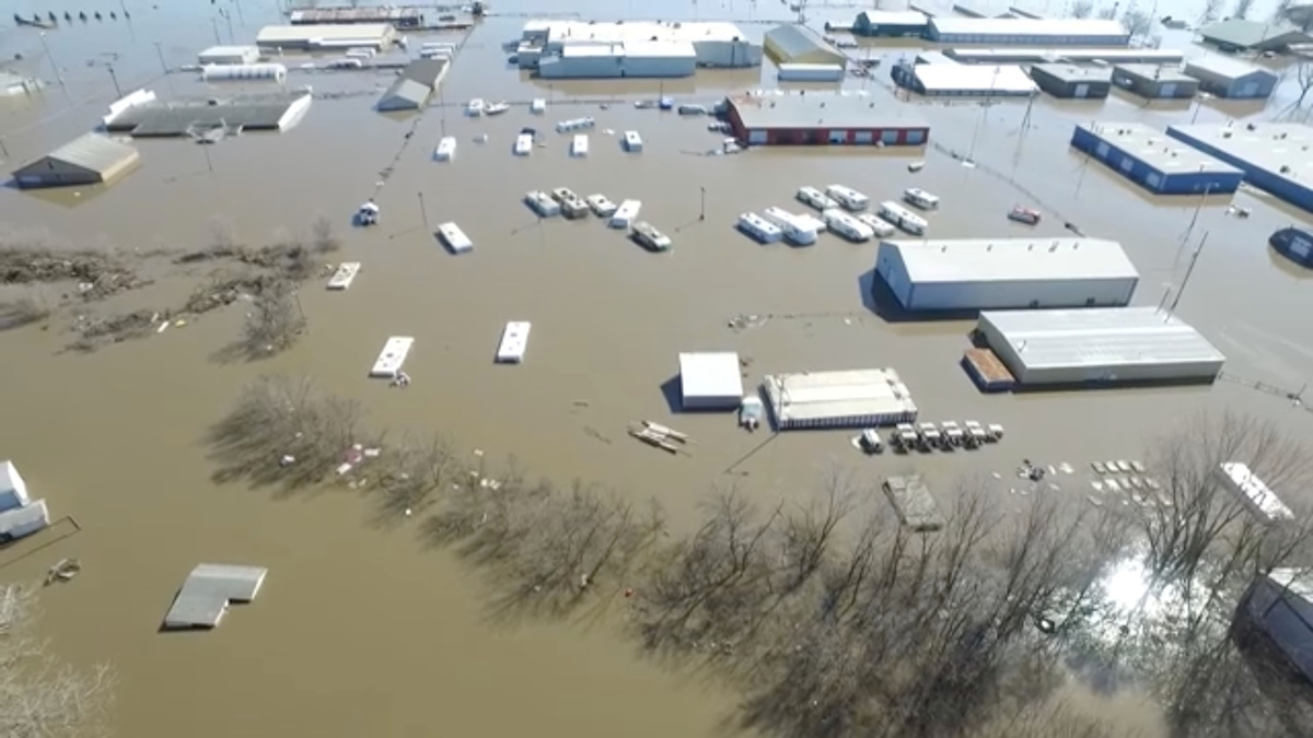 Missouri River flooding was triggered by last week's "bomb cyclone" storm, which killed at least four people, drowned livestock and closed dozens of roads across a large swath of Nebraska and Iowa. Property and financial losses for the two Midwestern states were projected to surpass $3 billion.
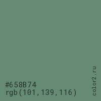 Цвет #658B74 в цветовой модели RGB обозначается тремя октетами (101, 139, 116) в десятичном формате и #658B74 в шестнадцатиричном (hex) формате, которые являются интенсивностью красного 101 (hex 65), интенсивность зелёного 139 (hex 8B) и интенсивность синего 116 (hex 74).
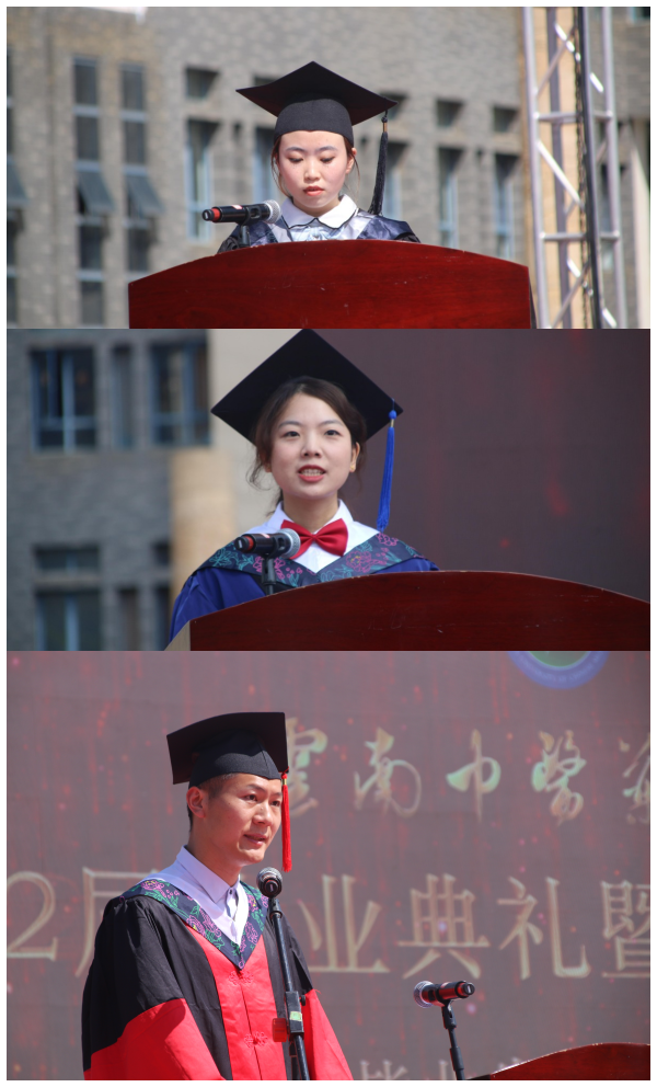 中药学院2018级兰茂班曾天艳同学作为本科毕业生代表发言:“也许我们现在还无法用‘今天我以母校为荣,明天母校将以我为荣’这样的豪言壮语来做出表白,但是我们能做到的是,今后在所从事的岗位上认真工作,让周围的人知道有一个毕业于云南中医药大学的同学,他很努力、很优秀,他的样子就是云中莘莘学子的样子。”
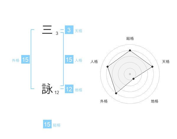 三 詠さんの外格は15画の4点!
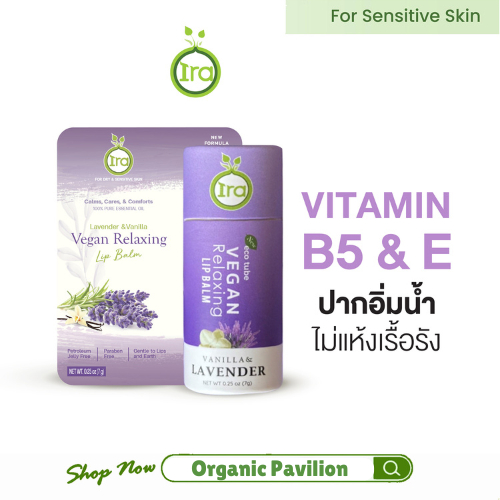 (EXP:07/2026) Ira ลิปบาล์มบำรุง กลิ่น วานิลลา&ลาเวนเดอร์ Vegan Relaxing Lip Balm Vanilla & Lavender (7g)
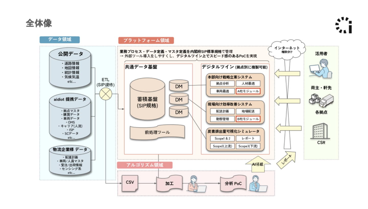 データプラットフォームの提供及びサプライチェーンDXを目的としたデジタルツインを提供する、株式会社アイディオット(本社:東京都渋谷区、 代表取締役:井上 智喜 以下「弊社」)は、AZ-COM丸和グループ(代表:AZ-COM 丸和ホールディングス株式会社、本社:埼玉県吉川市、代表取締役社⻑:和佐見 勝)の次世代流通ビジネスモデル(垂直統合・水平連携)の実現において、内閣府SIPの掲げる物流の標準化に準拠した弊社プロダクトである『ADT(エー・ ディー・ティー)』及び『Sim De Carbon(シム・デ・カーボン)炭素可視化シミュレーター』を活用頂き、物流業界の標準化を図ります。
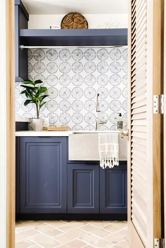 If your laundry room is in a separate spot that guests rarely see, there’s an opportunity to really personalize it. Would you prefer a pristine oasis, with calming hues and accents, or an upbeat space with bright colors and lots of pattern?
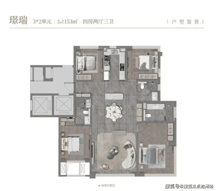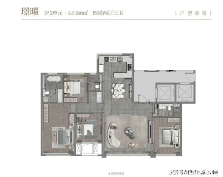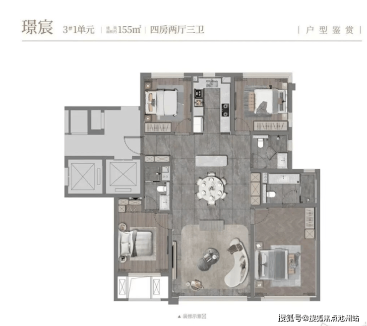 3号楼一共30层,1层架空,为153和165平的大户型,与武珞路平行,北面规划为商业、商务以及公园绿地用地,不会收到遮挡,北面楼下为露天泳池,南面会小区中心园林及会所,153平两户结构一样,都是四叶草型四房三卫双套房设计,功能性做的非常足,东边户可能合同面积略小于中建衔接胡,且在主卧设计上有一个270°观景窗,预计单价会更高一点,如果没更高,这个户型首选东边户。165平也户型,西边户有270°观景窗,合同建面偏小,选房逻辑一样的。
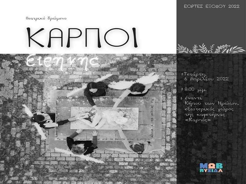 Στο πλαίσιο των επετειακών εκδηλώσεων για την Έξοδο των Ελεύθερων Πολιορκημένων σήμερα παρουσιάζονται οι «Καρποί Ειρήνης» το θεατρικό δρώμενο με την διοργάνωση του ΚΔΑΠ ΑΜΕΑ «Μωβ Πυξίδα» και του Πνευματικού Κέντρου. Το δρώμενο έχει προγραμματιστεί για τις 8 το απόγευμα έναντι του Κήπου των Ηρώων.
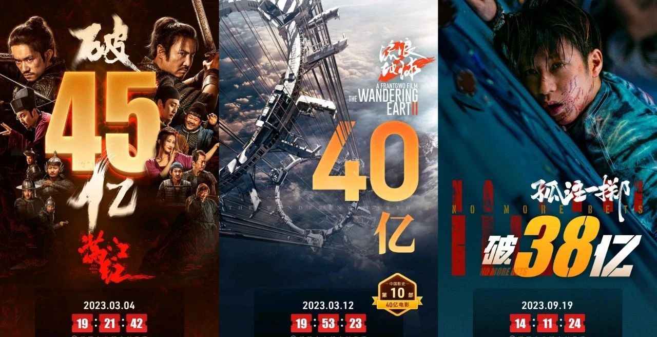 位列票房榜前十名的影片均為國產(chǎn)電影,且票房都超過了10億元。其中,影片《滿江紅》票房超45.4億元,位居榜首,票房占比9%。影片《流浪地球2》以40.2億元的票房成績緊隨其后,票房占比8%。排名第三的影片《孤注一擲》票房達(dá)38.4億元,票房占比7.6%。目前,這三部影片票房之和占年度總票房的四分之一。

- - - - -

In the data above, start at the line holding "(EXP:07/2026) Ira ลิปบาล์มบำรุง" and stop after the line holding "Στο πλαίσιο των"; write out those lines exactly, without pictures.

**EXERCISE OUTPUT**
 (EXP:07/2026) Ira ลิปบาล์มบำรุง กลิ่น วานิลลา&ลาเวนเดอร์ Vegan Relaxing Lip Balm Vanilla & Lavender (7g)
 データプラットフォームの提供及びサプライチェーンDXを目的としたデジタルツインを提供する、株式会社アイディオット(本社:東京都渋谷区、 代表取締役:井上 智喜 以下「弊社」)は、AZ-COM丸和グループ(代表:AZ-COM 丸和ホールディングス株式会社、本社:埼玉県吉川市、代表取締役社⻑:和佐見 勝)の次世代流通ビジネスモデル(垂直統合・水平連携)の実現において、内閣府SIPの掲げる物流の標準化に準拠した弊社プロダクトである『ADT(エー・ ディー・ティー)』及び『Sim De Carbon(シム・デ・カーボン)炭素可視化シミュレーター』を活用頂き、物流業界の標準化を図ります。
 If your laundry room is in a separate spot that guests rarely see, there’s an opportunity to really personalize it. Would you prefer a pristine oasis, with calming hues and accents, or an upbeat space with bright colors and lots of pattern?
 3号楼一共30层,1层架空,为153和165平的大户型,与武珞路平行,北面规划为商业、商务以及公园绿地用地,不会收到遮挡,北面楼下为露天泳池,南面会小区中心园林及会所,153平两户结构一样,都是四叶草型四房三卫双套房设计,功能性做的非常足,东边户可能合同面积略小于中建衔接胡,且在主卧设计上有一个270°观景窗,预计单价会更高一点,如果没更高,这个户型首选东边户。165平也户型,西边户有270°观景窗,合同建面偏小,选房逻辑一样的。
 Στο πλαίσιο των επετειακών εκδηλώσεων για την Έξοδο των Ελεύθερων Πολιορκημένων σήμερα παρουσιάζονται οι «Καρποί Ειρήνης» το θεατρικό δρώμενο με την διοργάνωση του ΚΔΑΠ ΑΜΕΑ «Μωβ Πυξίδα» και του Πνευματικού Κέντρου. Το δρώμενο έχει προγραμματιστεί για τις 8 το απόγευμα έναντι του Κήπου των Ηρώων.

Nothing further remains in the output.